Foi dada a partida!
De ontem até 7 de outubro, quando se realizarão as eleições municipais,
os moradores das principais cidades brasileiras começaram a receber a
segunda dose do tratamento a que são submetidos a cada quatro anos.
Naquelas onde a eleição de prefeito não se decidir, eles ainda vão
passar pela terceira fase da terapia, que irá até o último domingo de
outubro, no segundo turno.
É um tratamento estranho, que combina privação e excesso. No início,
tenta-se evitar que tenham acesso a qualquer informação. No final,
abrem-se as comportas e toneladas de comunicação eleitoral são
despejadas sobre eles.
Uma terapêutica assim não pode ser boa e, de fato, em nada ajuda na
formação e consolidação de uma cultura democrática. Ao contrário,
deseduca e difunde maus hábitos.
É difícil explicar como surgiu a ideia de que é melhor retardar ao
máximo as campanhas eleitorais. Que é preferível que só sejam liberadas
tarde, às vésperas da eleição.
Essa, no entanto, é a regra que prevalece no Brasil. Qualquer esforço de
comunicação com teor eleitoral feito por partidos e candidatos antes
dos últimos 90 dias é reprimido. Somente se permite que falem "para
dentro".
Tolera-se, por exemplo, a propaganda de candidaturas às prévias
partidárias — desde que dirigida exclusivamente aos filiados. Aceita-se o
debate das plataformas programáticas com que os partidos pretendem
concorrer — desde que em recinto fechado.
É como se fosse um pecado mortal que o cidadão ficasse sabendo o que os candidatos e partidos pensam fazer na eleição.
Quem transgride a norma pode ser castigado com punições e multas. Como
as centenas de condenações por "propaganda antecipada" que a Justiça
Eleitoral distribui a torto e a direito.
E os que teimam em querer falar com os eleitores "antes da hora" correm o risco de perder o registro da candidatura.
A primeira metade dos 90 dias finais é um hiato que dura seis semanas.
Nele, fingimos que "a eleição começou", pois são autorizados carros de
som, comitês e panfletos. Mas não é verdade, como mostram as pesquisas
de intenção de voto. Salvo exceções em uma ou outra cidade, nada
acontece. Tudo permanece congelado.
Aí, o mundo muda subitamente. Nas seis últimas semanas, os eleitores das
cidades onde há emissoras de televisão e rádio passam a receber
quantidades maciças de comunicação.
A cada dia, em cada emissora, uma hora e meia de propaganda eleitoral. Por semana, nove horas e meia.

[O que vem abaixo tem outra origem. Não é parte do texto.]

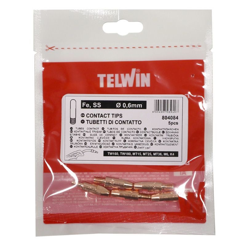 Kit 5 Tubetti di Contatto Telwin 0,6 mm, Punte di Ricambio per Torcia MIG-MAG, Accessori Professionali per Saldatura a Filo Continuo | Telwin

Os grandes beneficiários são os candidatos a prefeito, que ficam com a
fatia do leão desse precioso tempo: seis horas e meia. Normalmente, não
são mais do que seis ou sete em cada cidade, dos quais não mais que três
ou quatro competitivos. Os imensos exércitos dos candidatos a vereador —
que passam do milhar nas cidades maiores — ficam com as outras três
horas.
Uns têm tempo de sobra, os outros tão pouco que mal conseguem exibir suas bizarrices.
Ontem começaram as inserções, hoje os programas dos candidatos a
prefeito. Para a vasta maioria dos eleitores, é quando é dada, de fato, a
largada da eleição.
Estão errados os americanos, que têm campanhas que se iniciam um ano e meio antes da eleição?
Certos estamos nós? É bom para a democracia que os eleitores sejam
bombardeados de informação durante poucas semanas — do jornalismo que dá
destaque ao tema apenas na reta final, às horas de propaganda
"gratuita", aos debates que se multiplicam em cada emissora, às dezenas
de pesquisas que são divulgadas uma após a outra?
Alguém acha que decisões eleitorais tomadas nessas condições e na última hora são melhores?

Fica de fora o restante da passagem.